Prove $\sum\limits_{k=0}^n \frac{(C_n^k)^2}{k+1} = \frac{(2(n+1))!}{2(n+1)^3(n!)^2}$

Question

Wolfram says that $$ \sum\limits_{k=0}^n \frac{(C_n^k)^2}{k+1} = \frac{(2(n+1))!}{2(n+1)^3(n!)^2}, $$ but I don't know how to prove it.

Answer 1

Here's a combinatorial proof.
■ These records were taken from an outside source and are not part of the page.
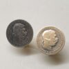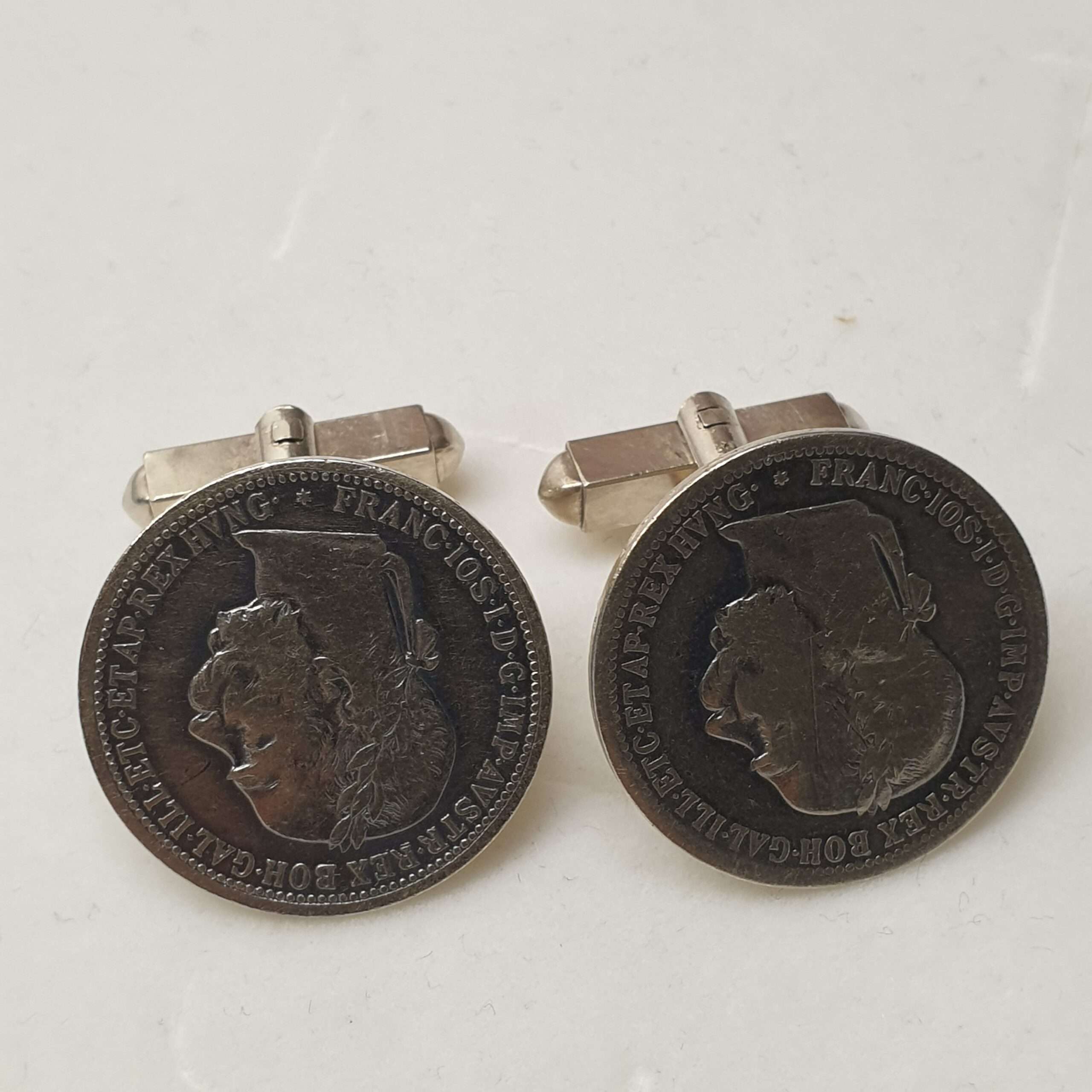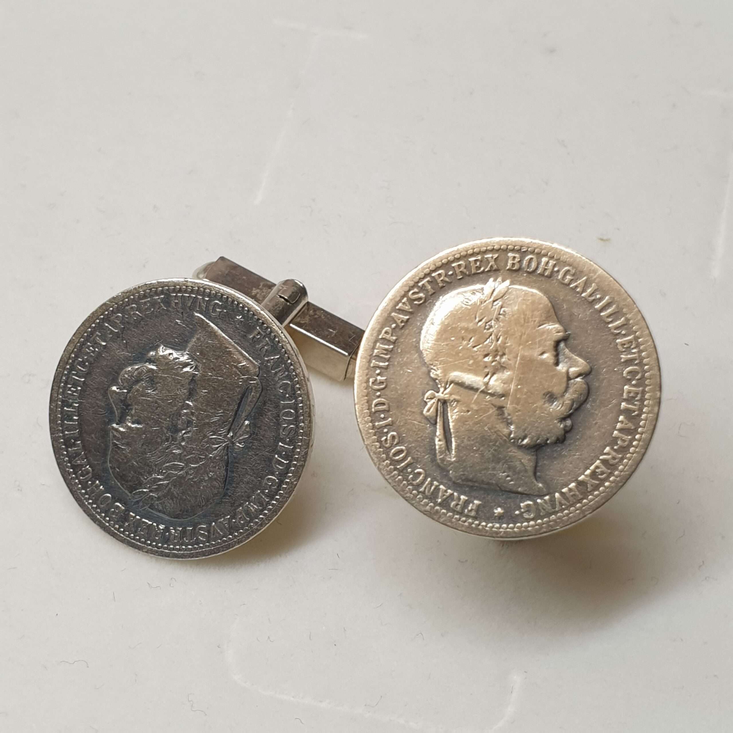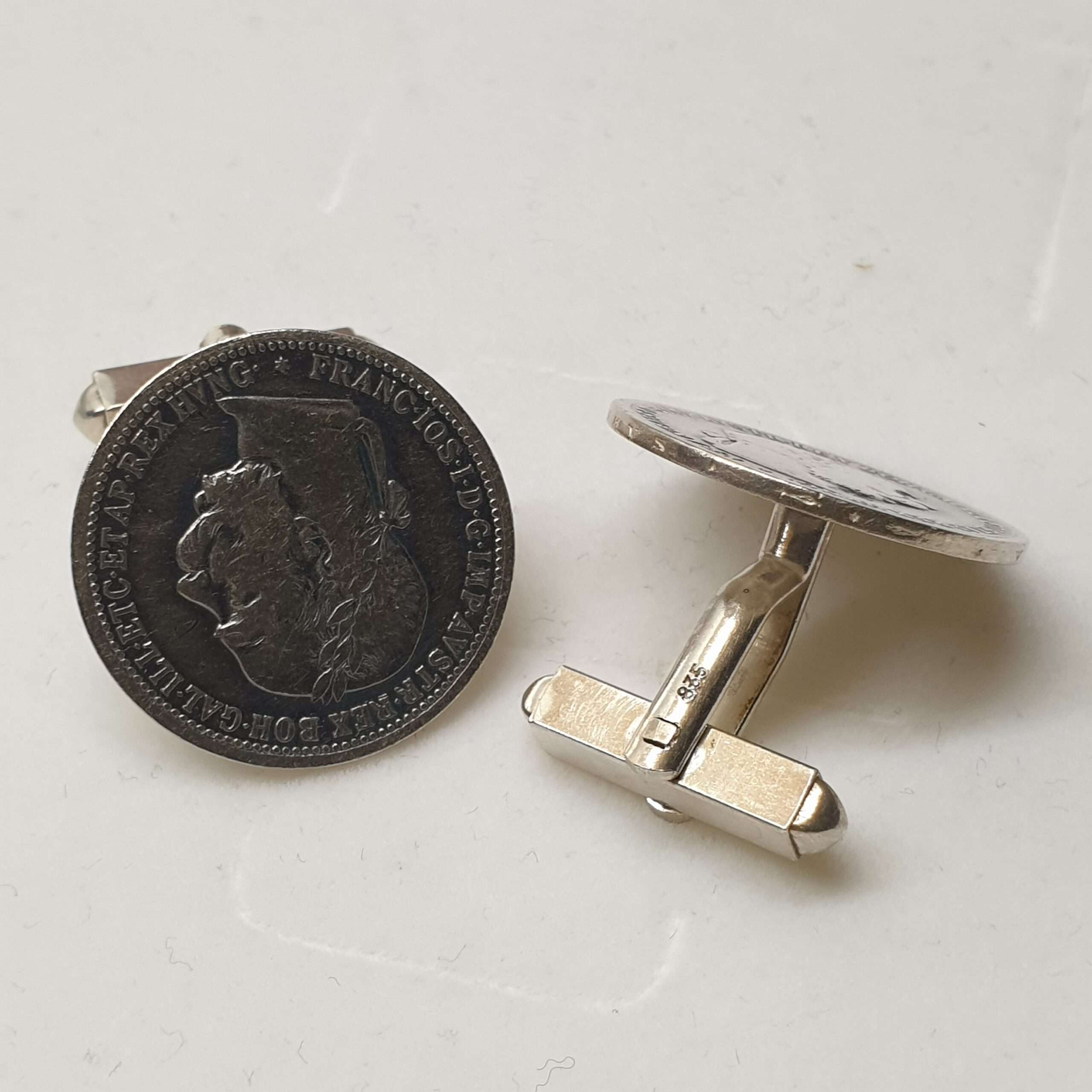 Nostalgische Trachtenschmuck Manschettenknöpfe aus Silber 835 mit je einer Münze 1 Krone Österreich-Ungarn 1896, auf der Vorderseite mit einer Abbildung von Kaiser Franz Josef I. auf der Rückseite mit der Aufschrift: FRANC • IOS • I • D • G • IMP • AVSTR • REX BOH • GAL • ILL • ETC • ET AP • REX HVNG.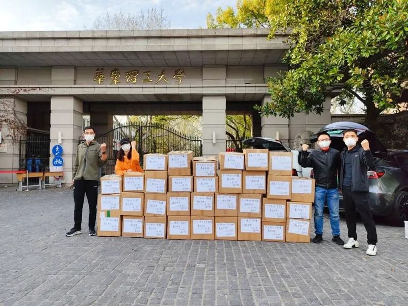 4月10日,一批由山东济宁商会组织、中建八局总承包公司捐赠的抗疫物资运抵华理。这批物资包括卷心菜10000斤、芹菜10000斤、土豆10000斤、洋葱10000斤、蒜苔6000斤、西红柿5000斤、黄瓜5000斤、菠菜1000斤、香菜1000斤以及大蒜头1000斤。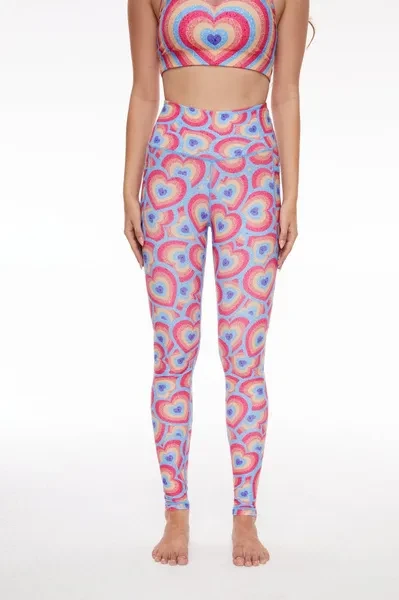 Pattern Description: Love is all about understanding and inclusivity. To celebrate LGBTQ love, our designer crafted a colorful Powerpuff heart pattern inspired by acceptance. Bold, vibrant, and full of pride, it celebrates love in its diverse and colorful forms, paying tribute to the beauty of the LGBTQIA+ community. Product Features: High-waisted design perfectly shapes, supports and flatters any body types No small elastic band at the top   Two side-pockets for essentials No side seams for extra flattering fit and comfort Stretchy and light fabric for a smoothing, second-skin feel Fabric: Made with 84% RPET and 16% spandex from recycled plastic bottles and it is 100% recyclable! - Four-way stretch, breathable and anti-bacterial. Model Info: Maria // Height: 5'74  // Bust 33.9” //  Waist 24.0” // Hips 35.4 // SILVERWIND size Regular S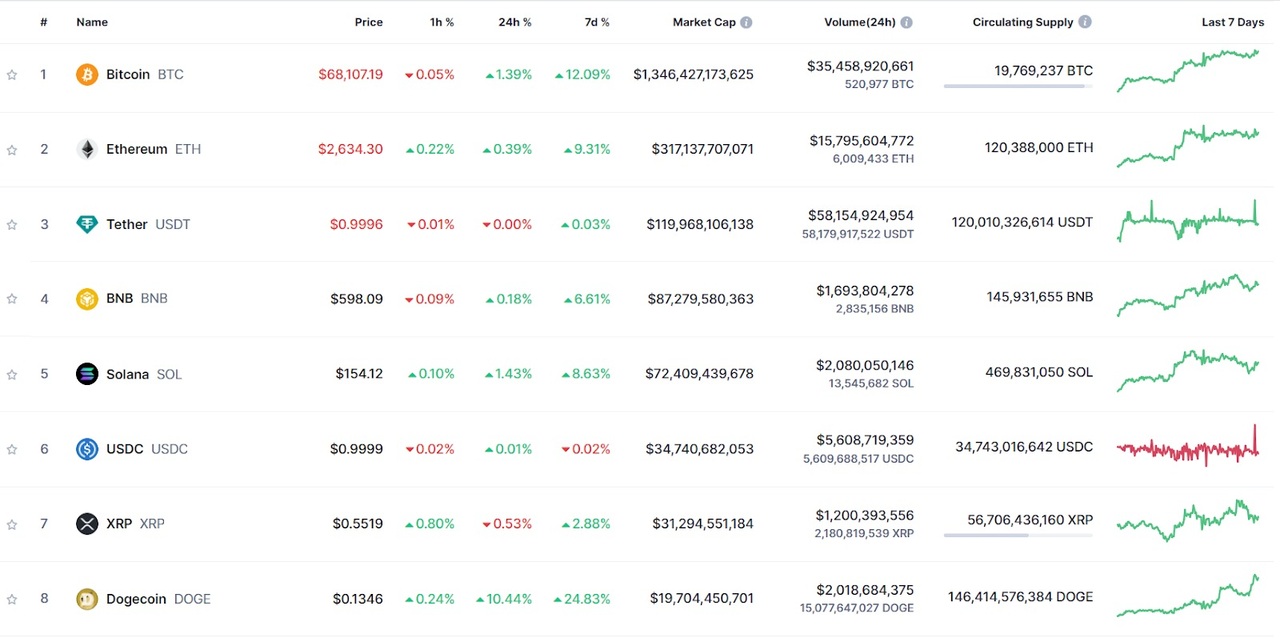 Az elmúlt hetet tekintve a Bitcoin, az Ethereum és a Solana is szépen emelkedtek. A BTC 12,09%-kal, az ETH 9,31%-kal, a SOL pedig 8,63%-kal növekedett, de a DOGE különösen belehúzott a 24,83% feletti növekedésével.

First rewrite as $$\sum_{k=0}^n \frac{1}{k+1}\binom{n}{k}^2 = \frac{1}{n+1}\binom{2n+1}{n+1}$$ Now multiply both sides by $n+1$: $$\sum_{k=0}^n \frac{n+1}{k+1}\binom{n}{k}^2 = \binom{2n+1}{n+1}$$ Now apply absorption: $$\sum_{k=0}^n \binom{n+1}{k+1}\binom{n}{k} = \binom{2n+1}{n+1}$$ Now apply symmetry: $$\sum_{k=0}^n \binom{n+1}{n-k}\binom{n}{k} = \binom{2n+1}{n} \tag1\label1$$ To prove \eqref{1} combinatorially, count the $n$-subsets of $\{1,\dots,2n+1\}$ by conditioning on the number $k$ of elements from $\{1,\dots,n\}$. The remaining $n-k$ elements come from the $(n+1)$-set $\{n+1,\dots,2n+1\}$. This is a special case of Vandermonde's Identity.

Answer 2

We need to prove

$$ \sum\limits_{k=0}^n \frac{(C_n^k)^2}{k+1} = \frac{(2(n+1))!}{2(n+1)^3(n!)^2}. $$

Note that the RHS is $\frac{1}{n+1} \binom{2n+1}{n+1}$, and you can rewrite LHS using $\binom{n}{k} = [x^n] x^k (1+x)^n$ as $$\begin{align} \sum\limits_k \frac{1}{k+1} \binom{n}{k}^2 &= [x^n](1+x)^n\sum\limits_k \binom{n}{k} \frac{x^{k}}{k+1} \\ &= [x^{n+1}] (1+x)^n \sum\limits_k \binom{n}{k} \frac{x^{k+1}}{k+1} \\ &= [x^{n+1}] (1+x)^n \int (1+x)^n dx \\ &= [x^{n+1}] (1+x)^n \frac{(1+x)^{n+1}}{n+1} \\ &= \frac{1}{n+1} \binom{2n+1}{n+1}. \square \end{align}$$